The Registrant, by filing this Post-Effective Amendment, hereby terminates the effectiveness of the Registration Statement. This Post-Effective Amendment is being filed in accordance with undertakings made by the Registrant in Part II of the Registration Statement to remove from registration, by means of a post-effective amendment, any securities that had been registered for issuance but remain unsold at the termination of the offering.
SIGNATURES
Pursuant to the requirements of the Securities Act of 1933, as amended, the registrant certifies that it has reasonable grounds to believe that it meets all of the requirements for filing on Form S-3 and has duly caused this Post-Effective Amendment to the Registration Statement to be signed on its behalf by the undersigned, thereunto duly authorized, in the City of Red Bank, State of New Jersey, on June 1, 2026.

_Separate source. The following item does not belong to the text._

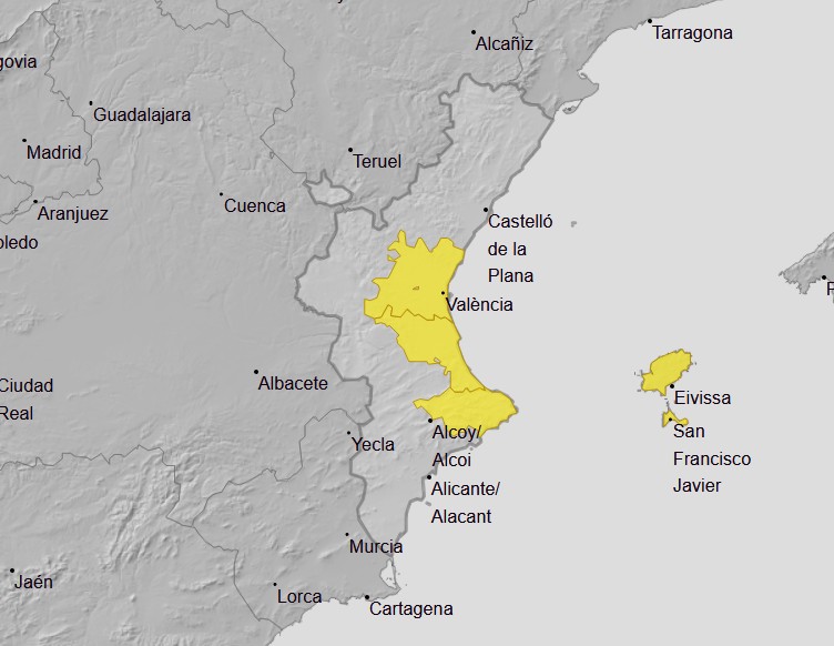 - A partir de la 20 horas este aviso amarillo se amplía también a la costa de Valencia, con lo que quedará toda la provincia de Valencia en aviso amarillo y se amplía a la costa norte de Alicante.

| FLUSHING FINANCIAL CORPORATION (Registrant) |
| By: OCEANFIRST FINANCIAL CORP., as successor by merger |
| /s/ Christopher D. Maher |
| Name: Christopher D. Maher |
| Title: Chief Executive Officer |
No other person is required to sign this Post-Effective Amendment to the Registration Statement in reliance upon Rule 478 under the Securities Act of 1933, as amended.